## DATA EXTRACTS:

*** Begin section ***

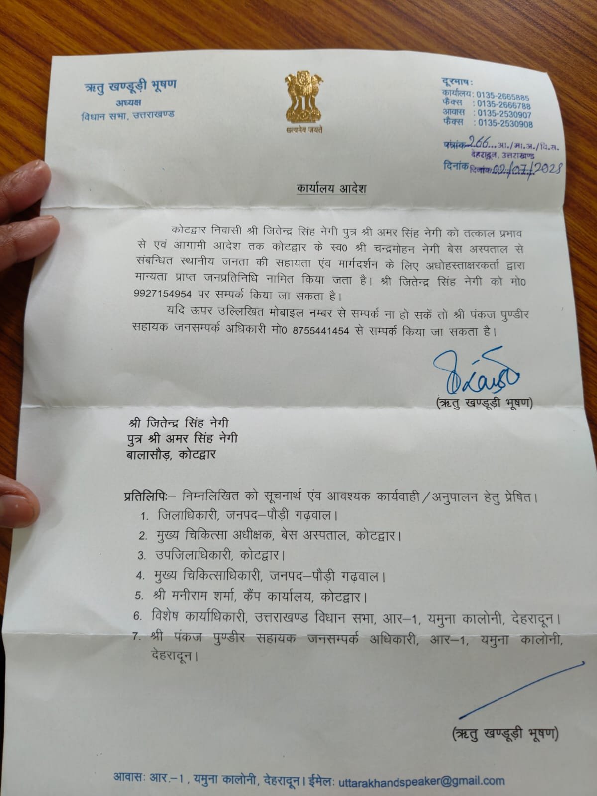 कोटद्वार : विधानसभा क्षेत्र में जनसंपर्क और जनसेवा को अधिक प्रभावी बनाने के उद्देश्य से उत्तराखंड विधानसभा की अध्यक्ष व विधायक कोटद्वार ऋतु खण्डूडी भूषण ने आज दो प्रतिनिधियों की नियुक्ति की। वार्ड संख्या 07, बेस चिकित्सालय क्षेत्र के लिए जितेन्द्र नेगी पुत्र अमर सिंह नेगी तथा वार्ड संख्या 27, नगर निगम के लिए कमल सिंह नेगी पुत्र स्वर्गीय हीरा सिंह नेगी को प्रतिनिधि नियुक्त किया गया है।
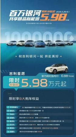 比亚迪率先拉开了这场价格战的帷幕,王朝网和海洋网共计。 22 智能驾驶版车型同时开启大甩卖模式,最高补贴优惠可达 5.3 万元。吉利在 5 月 26 日上线 "百万银河限时补贴价" 活动。其中,吉利星愿参考价格为 6.88 万元起,经限时补贴后,起售价格降至1万元。 5.98 万元起,如果叠加旧车置换、国补、省补,最低价格可以打到最低。 3.7 万元起;银河 L6 等待车型也降到了 6.98 万起。零跑、智己、上汽通用等车企也不甘落后,纷纷宣布各自的补贴方案,
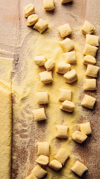 AMERICAN SFOGLINOگنوکی ریکوتادامپلینگ ریکوتادر حالی که احتمالا گنوچی های سیبزمینی دی پاتاته (di patate) ، بیشتر در خارج از ایتالیا شناخته شده اند، کوفتههای ریکوتا یک غذای اصلی در امیلیا رومانیا هستند. هر دو، اندازه ای لقمه ای دارند و با انواع سس ها خوشمزه می شوند، اما ریکوتا که بر پایه ی سیب زمینی است، بسیار نرم تر است. گنوکی دی ریکوتا (Gnocchi di Ricotta) با ریکوتای گازدار درست میشود که بافت نرمی به پاستا میدهد و با گنوکی طعم خوشی به سس می دهد. من از ریکوتای شیر گاو برای تهیه آنها استفاده می کنم، زیرا پایتخت پنیر شیر گاو در جهان، امیلیا رومانیای است، اما این دستور غذا با انواع دیگر ریکوتا نیز به خوبی کار می کند و شما می توانید آن را کاملاً جایگزین گوسفند، بز یا حتی پنیر شیر گاومیش کنید. همانطور که روی خمیر کار می کنید، می توانید متوجه شوید که چه زمانی به درستی ورز آمده است، اگر زمانی که آن را به آرامی فشار می دهید، تا حد کمی به عقب برگردد، ورز یافته است. نکته کلیدی این است که باید گلوتن کافی برای نگه داشتن آن داشته باشید و در نتیجه ماکارونی سبکی داشته باشید.
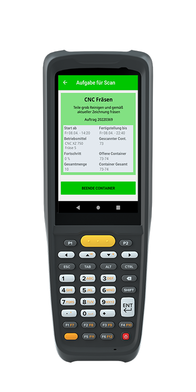 Scannen Sie den Code eines Arbeitsplatzes oder einer Anlage, so zeigt es Ihnen den aktuell laufenden oder anstehenden Arbeitsauftrag für diese Station.
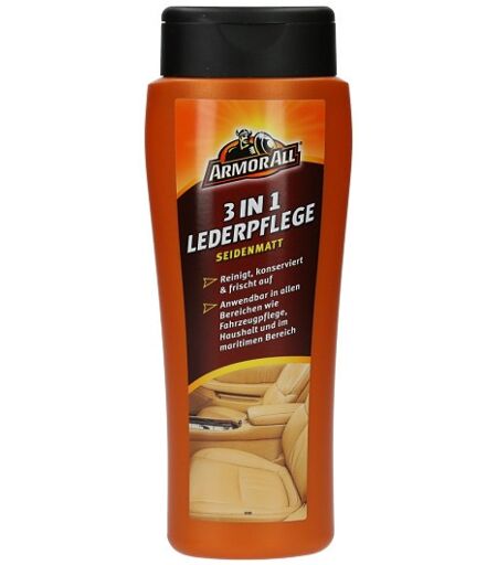ARMOR ALL 3 in 1 Lederpflege seidenmatt (250 ml) ARMOR ALL 3 in 1 Lederpflege, reinigt, konserviert und frischt das Leder auf. Die einzigartige Formel hilft Austrocknung, Rissbildung und Ausbleichen zu vermeiden. Sie stellt die natürliche Farbe und den Glanz wieder her und bildet eine Schutzschicht gegen UV-Licht und Oxidation. Eigenschaften: dringt tief ins Leder ein mit seidenmattem Finish Inhalt: 250 ml ...
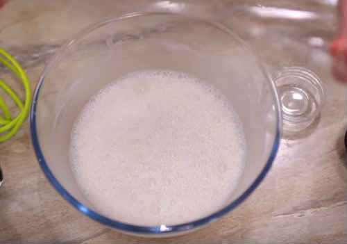 Для приготування опари зігрійте воду. Не робіть занадто гарячою, до 40 о С буде достатньо, інакше дріжджі загинуть. Засипте цукор, ванілін, розкришите в миску пресовані дріжджі. Розмішуйте, поки дріжджі не розчиняться.
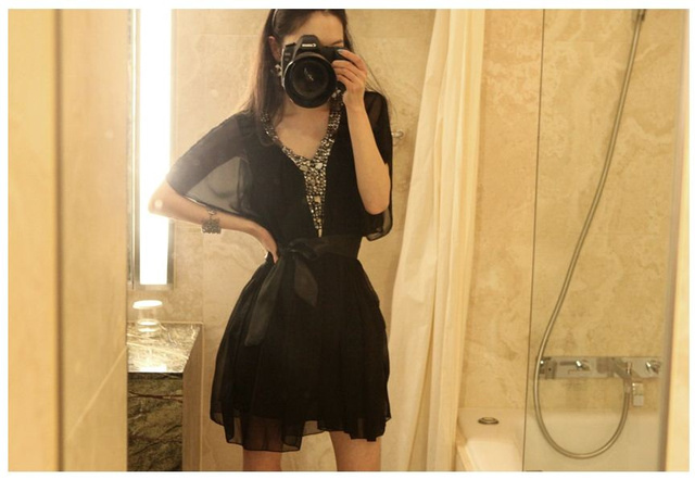 6.正韓超美露肩腰身飄逸雪紡連身裙洋裝

*** End section ***

Give back exactly the lines from the one that contains "Для приготування опари" to the final line of the data above, both included, with all pictures removed.

 Для приготування опари зігрійте воду. Не робіть занадто гарячою, до 40 о С буде достатньо, інакше дріжджі загинуть. Засипте цукор, ванілін, розкришите в миску пресовані дріжджі. Розмішуйте, поки дріжджі не розчиняться.
 6.正韓超美露肩腰身飄逸雪紡連身裙洋裝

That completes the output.